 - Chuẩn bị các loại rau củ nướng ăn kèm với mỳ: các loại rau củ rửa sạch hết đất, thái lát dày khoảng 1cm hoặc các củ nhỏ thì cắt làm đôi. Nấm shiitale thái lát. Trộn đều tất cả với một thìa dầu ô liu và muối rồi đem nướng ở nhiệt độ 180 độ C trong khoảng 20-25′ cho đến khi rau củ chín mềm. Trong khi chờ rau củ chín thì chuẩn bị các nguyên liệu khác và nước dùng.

- - -

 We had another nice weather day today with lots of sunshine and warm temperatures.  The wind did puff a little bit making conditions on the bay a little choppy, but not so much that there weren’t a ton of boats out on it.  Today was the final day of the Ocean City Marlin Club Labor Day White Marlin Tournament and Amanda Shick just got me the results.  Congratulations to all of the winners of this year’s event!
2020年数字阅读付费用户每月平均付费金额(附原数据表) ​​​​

- - -

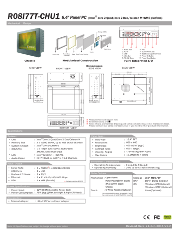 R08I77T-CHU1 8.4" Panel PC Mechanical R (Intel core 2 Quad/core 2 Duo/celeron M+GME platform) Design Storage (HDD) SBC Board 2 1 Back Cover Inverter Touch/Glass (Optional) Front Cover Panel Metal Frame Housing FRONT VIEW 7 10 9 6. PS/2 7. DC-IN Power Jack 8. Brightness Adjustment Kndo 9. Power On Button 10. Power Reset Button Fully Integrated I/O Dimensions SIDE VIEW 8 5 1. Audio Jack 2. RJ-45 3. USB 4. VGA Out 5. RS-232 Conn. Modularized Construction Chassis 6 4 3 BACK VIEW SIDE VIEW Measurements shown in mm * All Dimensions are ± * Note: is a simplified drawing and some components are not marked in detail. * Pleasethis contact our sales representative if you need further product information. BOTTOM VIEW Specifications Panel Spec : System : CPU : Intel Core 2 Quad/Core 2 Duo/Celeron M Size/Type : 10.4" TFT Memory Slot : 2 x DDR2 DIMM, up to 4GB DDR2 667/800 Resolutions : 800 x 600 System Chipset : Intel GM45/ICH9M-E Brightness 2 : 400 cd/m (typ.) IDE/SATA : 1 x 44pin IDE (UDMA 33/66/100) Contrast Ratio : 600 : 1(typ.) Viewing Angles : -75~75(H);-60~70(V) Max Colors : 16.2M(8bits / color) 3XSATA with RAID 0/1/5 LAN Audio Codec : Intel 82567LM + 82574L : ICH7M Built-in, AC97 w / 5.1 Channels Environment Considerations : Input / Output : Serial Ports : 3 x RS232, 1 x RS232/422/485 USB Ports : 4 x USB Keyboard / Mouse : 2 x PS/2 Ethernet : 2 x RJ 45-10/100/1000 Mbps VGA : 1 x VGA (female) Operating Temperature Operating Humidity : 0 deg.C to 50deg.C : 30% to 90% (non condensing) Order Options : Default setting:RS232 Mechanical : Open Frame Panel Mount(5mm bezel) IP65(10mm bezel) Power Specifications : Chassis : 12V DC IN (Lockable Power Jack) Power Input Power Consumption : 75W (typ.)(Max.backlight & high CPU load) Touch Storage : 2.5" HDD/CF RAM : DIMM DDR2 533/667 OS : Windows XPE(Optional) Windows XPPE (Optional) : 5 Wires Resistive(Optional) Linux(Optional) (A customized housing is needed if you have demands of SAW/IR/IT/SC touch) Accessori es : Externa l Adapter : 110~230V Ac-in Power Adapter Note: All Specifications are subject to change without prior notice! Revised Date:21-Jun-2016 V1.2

- - -

### PROBLEM
From the data above, return every line from the line that has "We had another" up to and including the line that has "2020年数字阅读付费用户每月平均付费金额(附原数据表) ​​​​", exactly.

### ANSWER FOR THIS EXERCISE
 We had another nice weather day today with lots of sunshine and warm temperatures.  The wind did puff a little bit making conditions on the bay a little choppy, but not so much that there weren’t a ton of boats out on it.  Today was the final day of the Ocean City Marlin Club Labor Day White Marlin Tournament and Amanda Shick just got me the results.  Congratulations to all of the winners of this year’s event!
2020年数字阅读付费用户每月平均付费金额(附原数据表) ​​​​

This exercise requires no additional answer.